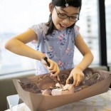 Les enfants dévoilent progressivement les fossiles cachés dans un bloc de plâtre et apprennent la patience ainsi que les bonnes méthodes de fouille. Une expérience réaliste du travail d’exploration à la maison.
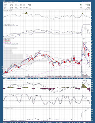 With the Fed meeting coming up on Tuesday, and all the uncertainty, I think it makes sense to not recommend new swing trades until after the reaction. I will not be initiating new positions other then daytrades as well. One group that looks promising for tomorrow (daytrades) are homebuilders. It looks like they may get a short squeeze heading into a fed meeting where a rate cut seems like a foregone conclusion. They may keep running after the decision as well, but who knows at this point. I'm looking at BZH as a possibility here. Also, momentum stocks like AMZN, BIDU, RIMM, WYNN, LVS, etc. have been giving good intraday moves.
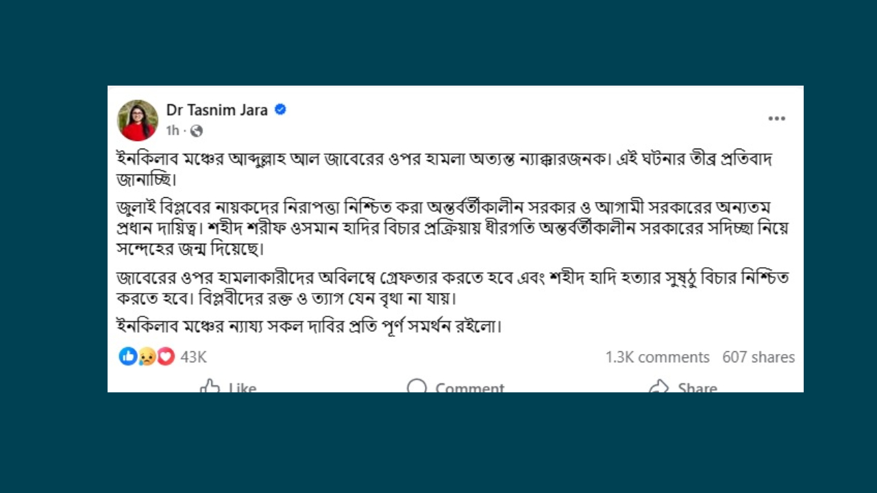 তাসনিম জারা তার স্ট্যাটাসে লেখেন, ইনকিলাব মঞ্চের আব্দুল্লাহ আল জাবেরের ওপর হামলা অত্যন্ত ন্যক্কারজনক। এই ঘটনার তীব্র প্রতিবাদ জানাচ্ছি। জুলাই বিপ্লবের নায়কদের নিরাপত্তা নিশ্চিত করা অন্তর্বর্তী সরকার ও আগামী সরকারের অন্যতম প্রধান দায়িত্ব। শহীদ শরীফ ওসমান হাদির বিচার প্রক্রিয়ায় ধীরগতি অন্তর্বর্তী সরকারের সদিচ্ছা নিয়ে সন্দেহের জন্ম দিয়েছে।
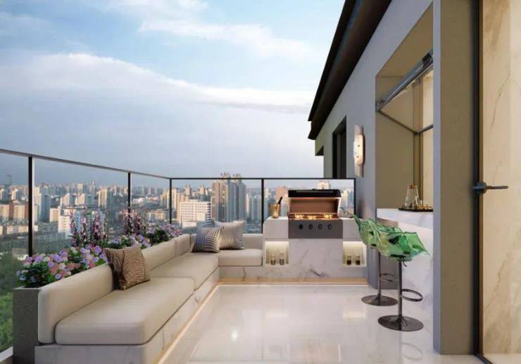 这样的生活场景极具魅力,在露台设置户外烧烤炉与舒适餐桌,烹饪、传递、享用美食仅在转身之间。
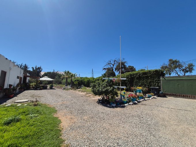 La propiedad se emplaza en un terreno plano de 5.000 m², completamente cerrado con pandereta y cerco vivo, contando con portón de acceso eléctrico y estacionamiento techado para dos vehículos. Dispone de todos los servicios esenciales: agua potable, energía eléctrica y pozo de subsistencia de 60 metros de profundidad.
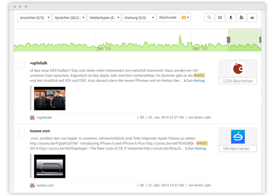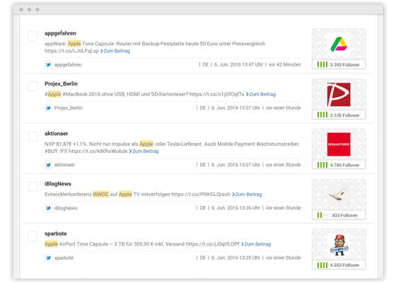 Mit jedem Treffer erhalten Sie den direkten Link zur Konversation auf dem Social-Media-Netzwerk und können so die dort stattfindende Konversation verfolgen oder mit wenigen Klicks direkt selbst aktiv werden. Über Kennzeichen können Sie bestimmte Beiträge auch für die spätere Bearbeitung an Ihre Kollegen delegieren.
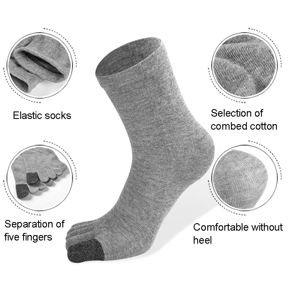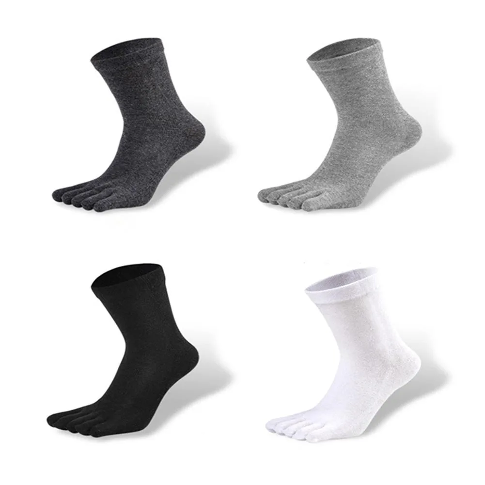 Мужские хлопковые повседневные спортивные мягкие дышащие эластичные носки с пятью пальцами средней длины
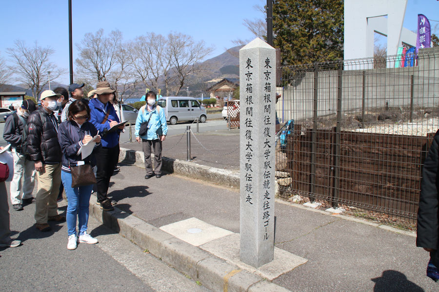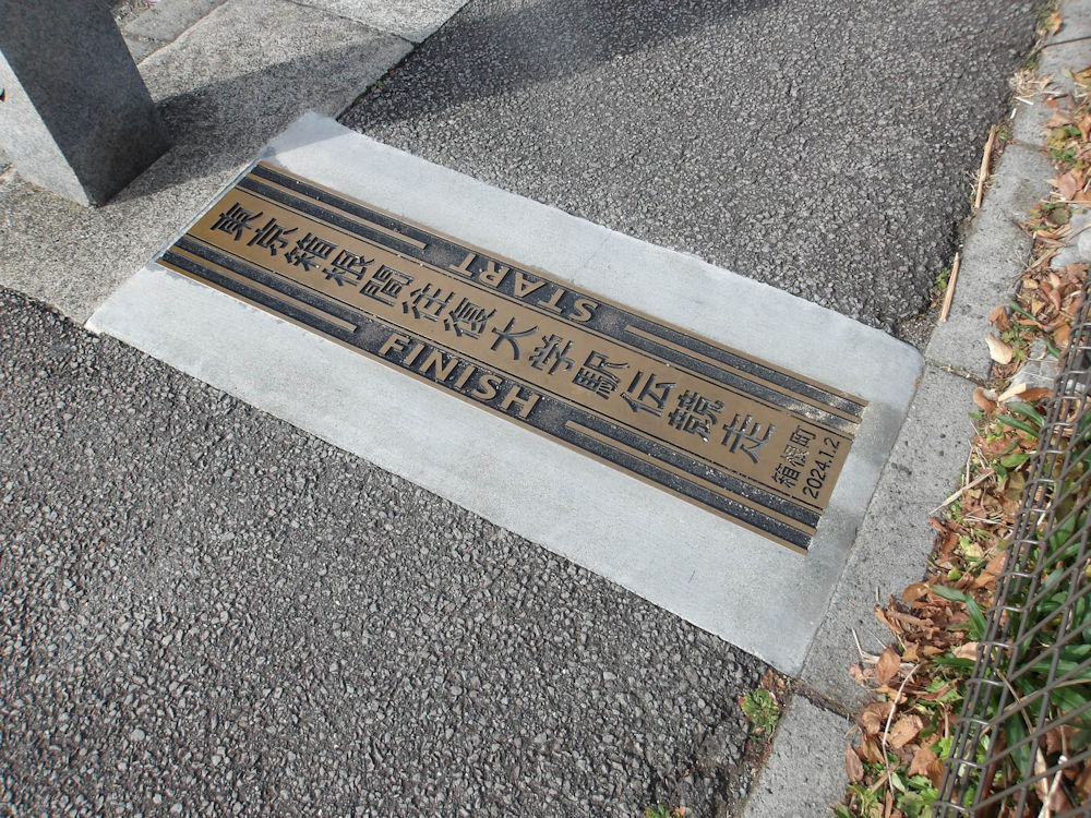 私も何度も映像を見直したのですが、往路ゴール地点は人がいっぱいいすぎて、この碑がどこにも写っていないのです。
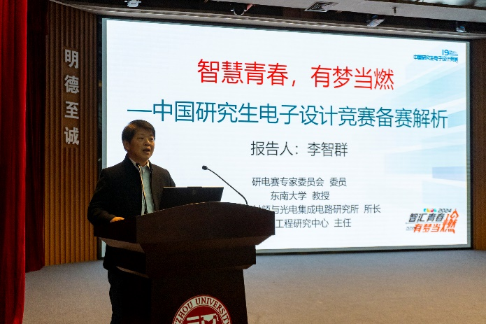 接着,研电赛组委会代表、华东赛区评委、东南大学信息科学与工程学院李智群教授对中国研究生电子设计竞赛进行了深入阐述,全面介绍了该竞赛的背景、重要性和命题导向。他详细解读了竞赛的时间安排、比赛形式、评审准则、作品提交规范、技术导向以及获奖比例,为参赛师生提供了清晰的指导和参考。最后,李智群教授指出,一个人想要在任何领域有所成就,都需要专注其中,在持续深耕中力拔头筹。同时,他也对学子们寄予了深厚的期望,希望他们能够在比赛中发挥出自己的最佳水平,取得优异的成绩。
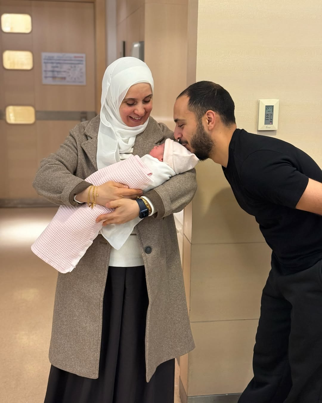 وظهر من خلالها وهو يحمل مولودته، بينما ظهرت والدته السيدة مروة حماد، وهي تحمل الرضيعة في صور أخرى.
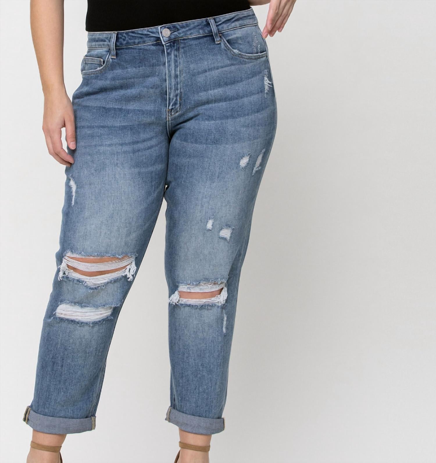 Esta calça jeans boyfriend deixa qualquer peça com um visual descolado e descolado. A calça jeans boyfriend desgastada apresenta um design elegante e desgastado. O cós alto garante uma silhueta elegante, enquanto a versátil perna afunilada permite dobrar ou desdobrá-la. Com elasticidade perfeita, fecho de botão e bolsos funcionais, esta calça combina moda e praticidade para um uso diário sem esforço.
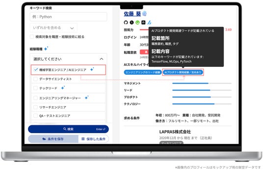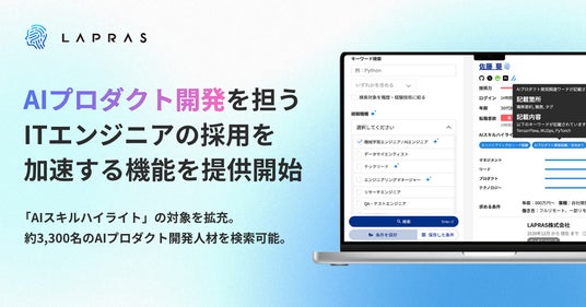 LAPRAS株式会社(所在地:東京都渋谷区、代表取締役:染谷健太郎、以下、LAPRAS)は、エンジニア採用サービス「LAPRAS」において、候補者の潜在的なスキル・経験をAIが自動判別して可視化する「AIスキルハイライト」機能に、新たに「AIプロダクト開発経験/志向あり」ラベルを追加しました。これにより、職歴上では見えづらかった潜在的な経験者や志向を持つ候補者も含め、AIプロダクト開発を担えるエンジニアを見過ごすことなく発見できるようになります。
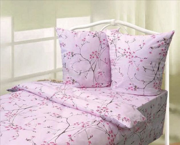 Комплект постельного белья 1,5-спальный, с вырезом "ромб", бязь Шуйская ГОСТ (Сакура, розовый)
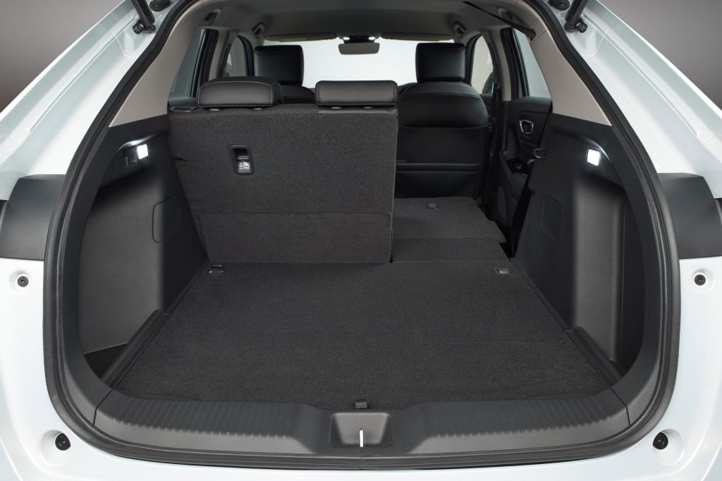 A térkínálatról a fotók alapján még nem tudunk véleményt mondani, mindenesetre a kocsi beltere ugyanolyan tisztának és rendezettnek tűnik, mint a Jazzé. Az üléssorok közti tér 3,5 centit nőtt, a hátsó üléstámlák két fokkal döntöttebben fekszenek: családiasabb autó lett a HR-V. Jópofa újdonság a műszerfalon a kis tekerentyűkkel ellátott két oldalsó légrostély, amelyek gyorsan átkapcsolhatók koncentrált fújásról finoman oszlatott szellőztetésre. A felhajtható hátsó ülőlap, a Honda nagy varázslata az új HR-V-ben is megmaradt, a csomagtartóban pedig, ha teljesen lehatjuk az üléstámlákat, állítólag elfér két darab 26-os hegyibringa is.
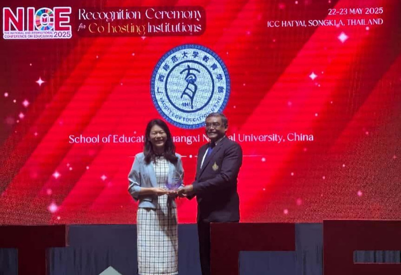 广西师范大学教育学部始终秉持“以本科生和研究生教育为主体,学科建设和社会服务为两翼”的发展理念,积极开展国际及区域间交流合作,通过搭建跨国学术合作平台、创新专业培养体系,持续提升学科国际影响力。2025年5月22-23日,广西师范大学教育学部师生代表团赴泰国合艾市,参与第十一届泰国暨第七届国际教育会议(NICE 2025)及首届国际卓越教学奖(ITEA 2025)竞赛。本次活动由泰国宋卡王子大学教育学院主办,吸引了来自澳大利亚、马来西亚、印度尼西亚等多个国家和地区的教育学者与院校代表参与。
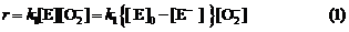 [E] = [E]0 - [E-]在反应过程中是一个常数,故 ,其中k = k1 [E],与实验结果一致。第二个反应在形式上与第一个反应相同,因此若设第二个反应为速控步骤,得到相同结果,{显然,
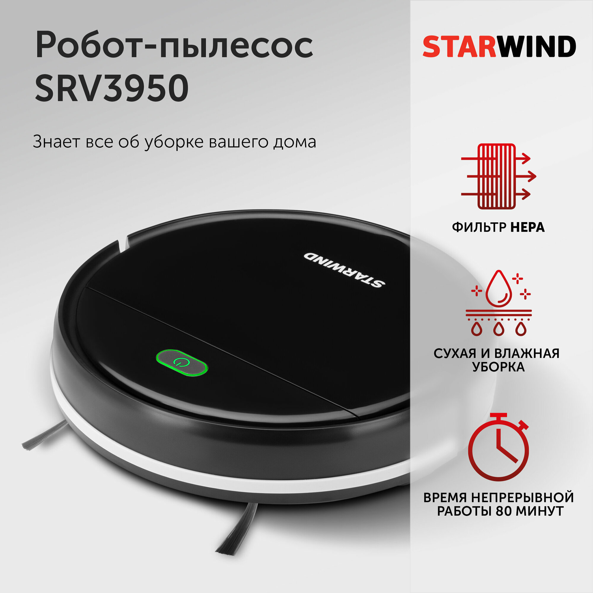 Робот-пылесос Starwind SRV3950, 1500 мАч, 4 режима, черный/черный информация:
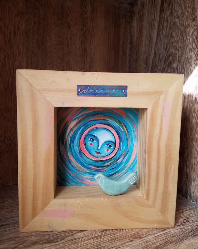 Between firings, I like to flex other creative muscles. It is so very good to be creative in other ways besides clay but then I bring a little clay into it. Many moons ago, I painted. All the time. It was my absolute joy... but then for some reason, I stopped. It has found me again...
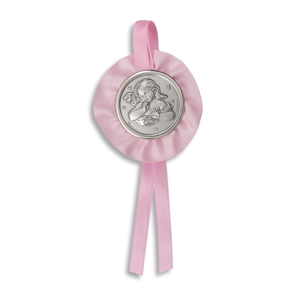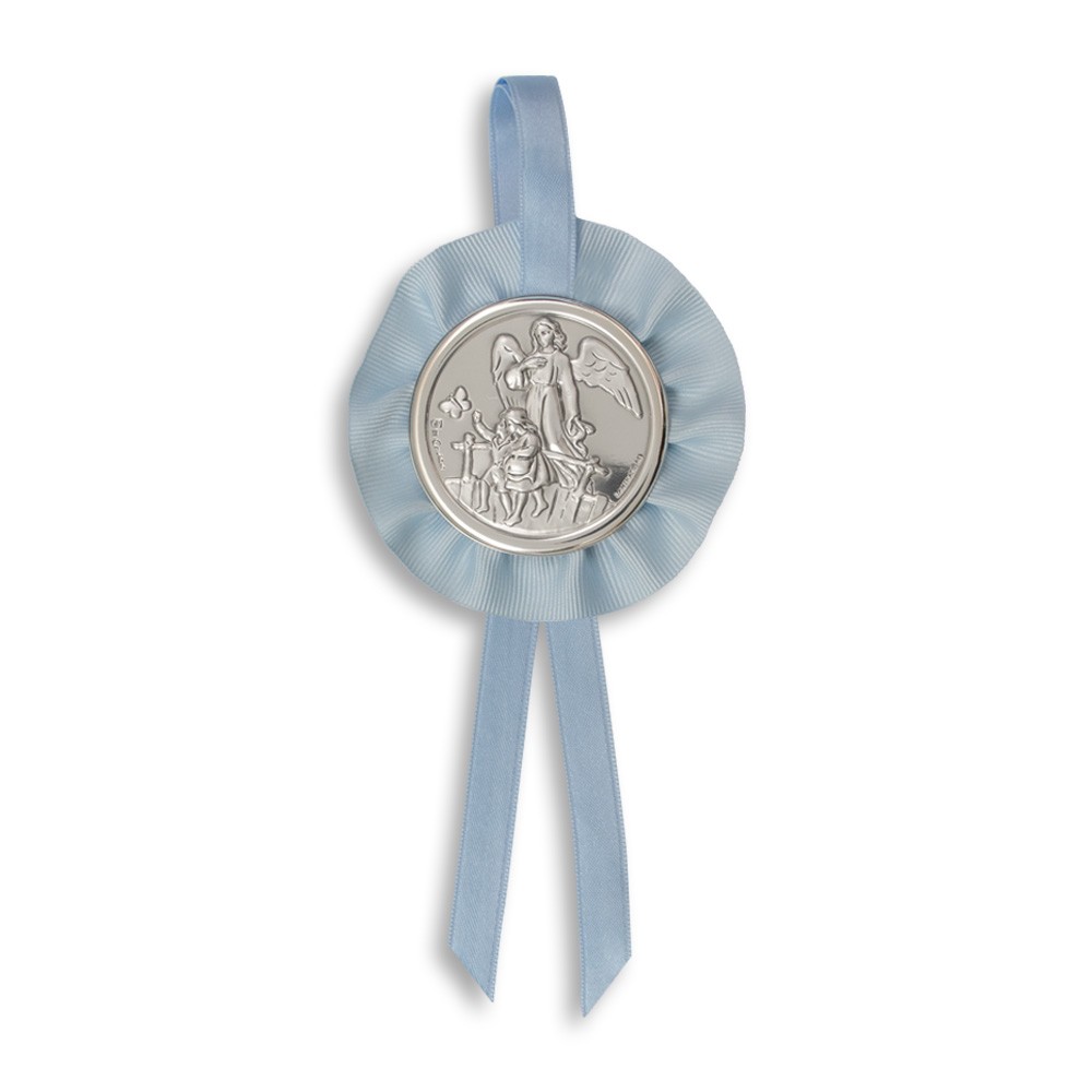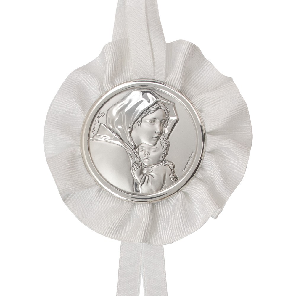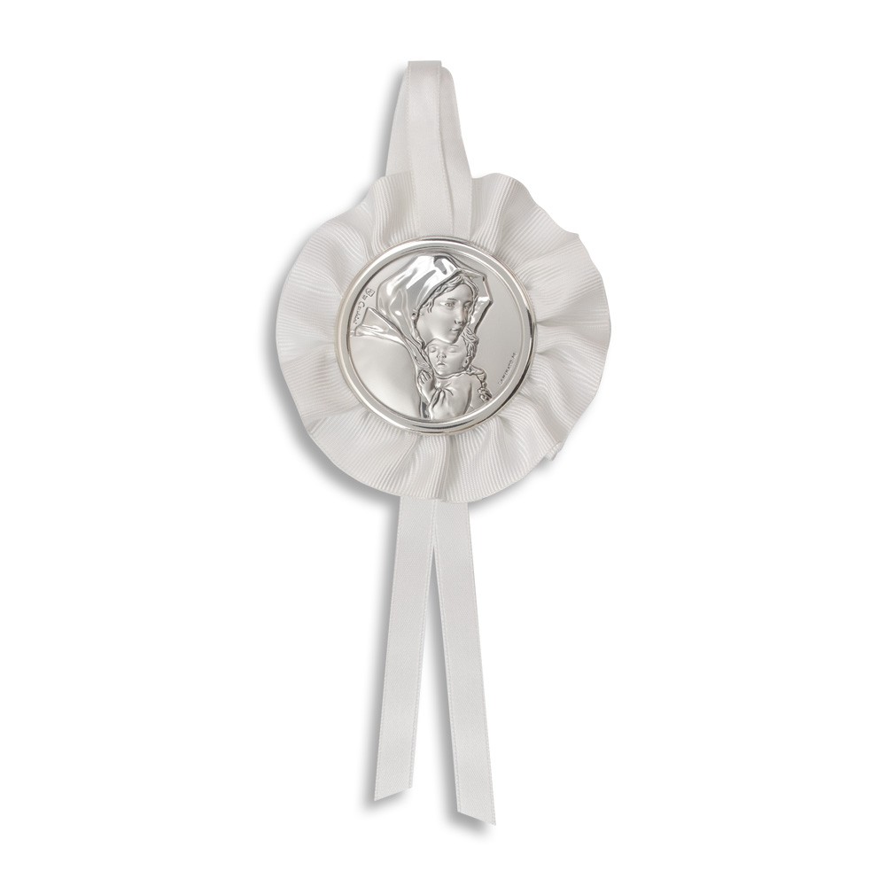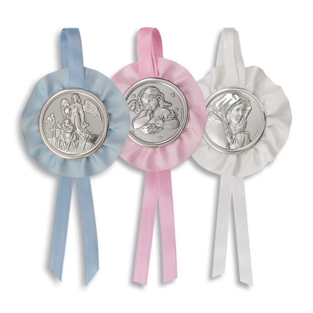 Il sopraculla è tondo orlato con nastrino abbinato, completo di placca in bilaminato argento e alluminio.

§ **EXERCISE INSTRUCTIONS**: Return exactly the lines from the one with "[E] = [E]0 - [E-]在反应过程中是一个常数,故" through the last line of the entries above, both ends included. No pictures may appear in the copy.

§ **ANSWER**:
 [E] = [E]0 - [E-]在反应过程中是一个常数,故 ,其中k = k1 [E],与实验结果一致。第二个反应在形式上与第一个反应相同,因此若设第二个反应为速控步骤,得到相同结果,{显然,
 Робот-пылесос Starwind SRV3950, 1500 мАч, 4 режима, черный/черный информация:
 Between firings, I like to flex other creative muscles. It is so very good to be creative in other ways besides clay but then I bring a little clay into it. Many moons ago, I painted. All the time. It was my absolute joy... but then for some reason, I stopped. It has found me again...
 Il sopraculla è tondo orlato con nastrino abbinato, completo di placca in bilaminato argento e alluminio.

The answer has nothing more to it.